Resiliency Engineering

Introduction

In the realm of resiliency engineering, an event failure is the typically the result of adaptations made to the involved system so as to cope with the variabilities and complexities of the real world, rather than simply a malfunction of a component and the ensuing breakdown. In theory, these ongoing adaptations would be seamless, and there would be no functionality gap whatsoever. In reality, it is difficult for a system to continually adjust to current conditions, and as resources and time are finite, adjustments are a best-fit approximation. Accordingly, resiliency engineering must anticipate the changing shape of potential failure before breakdowns and cascading effects occur. Suffice it to say, this is a non-trivial challenge.

Resiliency Engineering Builds Upon Reliability Engineering

By way of background information, resiliency engineering builds upon reliability engineering, a sub-discipline of systems engineering, which is an interdisciplinary field of engineering and engineering management that focuses upon how to design, analyze, and manage complex engineered systems over their life cycles. Reliability engineering focuses upon the ability of a component, multi-component assemblies, multi-assembly sub-systems, etc. to perform their required functions, within their specified environments, for a specified period of time without failure. While reliability engineering does indeed account for the time to fail for a component, multi-component assemblies, multi-assembly sub-systems, etc. while they are in operation, it does not account for the time necessary pertaining to any repair actions that may take place.

Availability, testability, maintainability, and maintenance are core constituent components of reliability engineering. Typically, reliability engineering looks at preventing failures, such as by changing maintenance management strategies, which are divided into three main classes: corrective maintenance, preventive maintenance, and predictive maintenance. Corrective maintenance allows the involved system to operate until the component, multi-component assemblies, multi-assembly sub-systems, etc. fails, and the item is replaced after the failure occurs. Preventive maintenance is time–based maintenance; it is based upon the notion of performing the service or overhaul after a pre-determined period of time (i.e. optimally close to, but prior to the estimated shelf-life of the component); however, if the maintenance is performed biannually, there could be a six-month blindspot between each maintenance cycle. Predictive maintenance is based upon the core concept that to avoid failure, ongoing estimates of the potential of failure for the various components are performed; this requires condition monitoring.

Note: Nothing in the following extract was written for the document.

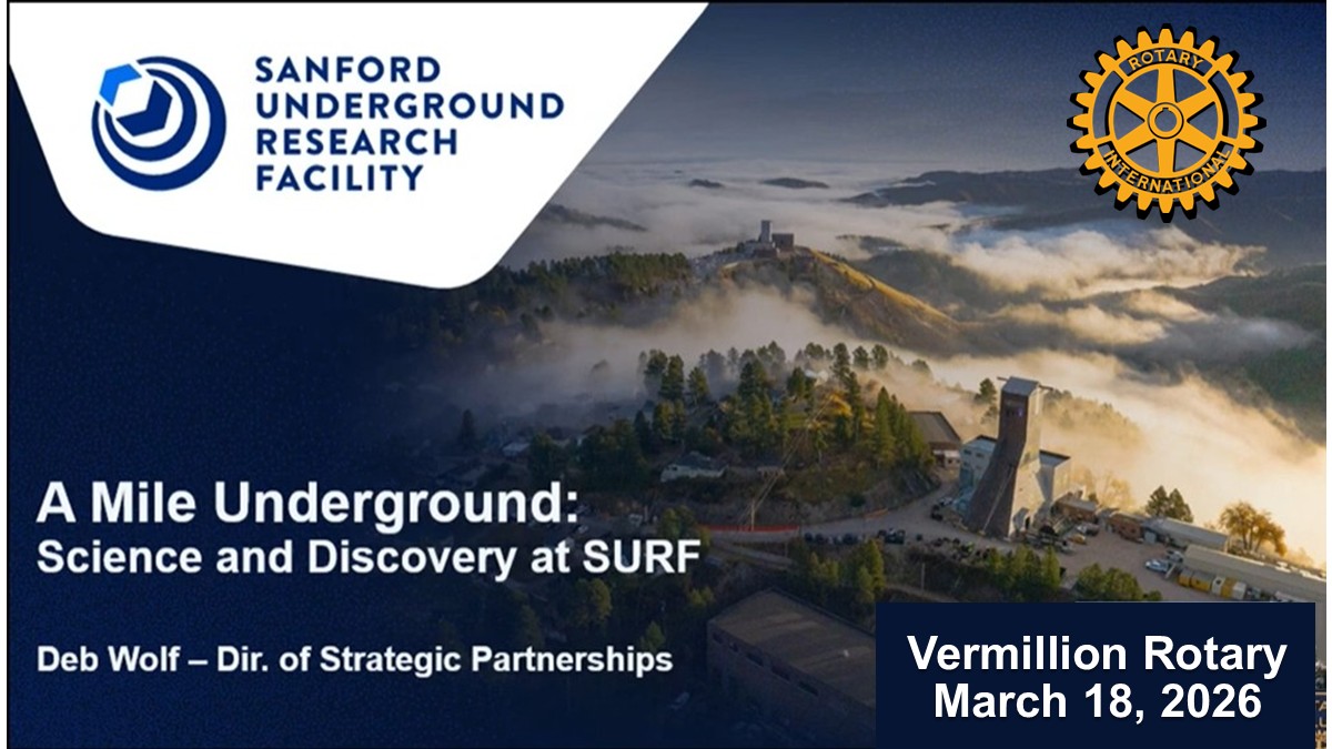 Deb Wolf, Director of Strategic Partnerships, provides a detailed, informative presentation about America's underground research facility- the Sanford Underground Research Facility (SURF) in the site of the former Homestake mine. She presents fascinating discussion of the operations of facility, examples of research being conducted, the economic impact of the facility and so much more. The facility is so important because it's deep underground location blocks cosmic radiation allowing scientists to study rare subatomic events that would not be possible to study on the Earth's surface. Research on Dark Matter and Neutrinos is being conducted, along with projects in geology, biology and engineering. Click on the image below to view this wonderful presentation on the Vermillion Rotary's YouTube channel.

Apart from maintenance, maintainability centers upon the ease and speed with which the involved system can be restored to operational status after a failure occurs. If backup components are not available and need to be ordered, maintainability would be low. Next, testability refers to the ability to run a robust simulation to test a supposition. This requires a robust, granular understanding, such as exemplared in Figures 1a through 1d below, of the various components, multi-component assemblies, multi-assembly sub-systems, and systems (leading up to the involved system of systems) so as to conduct a realistic simulation.

Figure 1a

Figure 1b

Figure 1c

Figure 1d

Robust understanding of Key Components

Finally, availability refers to the degree to which the various components, multi-component assemblies, multi-assembly sub-systems, systems, and system of systems are operating properly when they are requested for use at an unknown, unspecified time. Specifically, availability is the probability that a system is not in a failure state or undergoing a repair action when it needs to be used. It might seem that if a system has a high availability then it should also have a high reliability. This is not necessarily the case. Indeed, the relationship between availability, maintainability, and reliability can be seen in Figure 5, and as can be seen in the second to last row, an increase in availability and an increase in maintainability does not necessarily lead to an increase in reliability.

Figure 2
Relationship between Reliability, Availability, and Maintainability (RAM)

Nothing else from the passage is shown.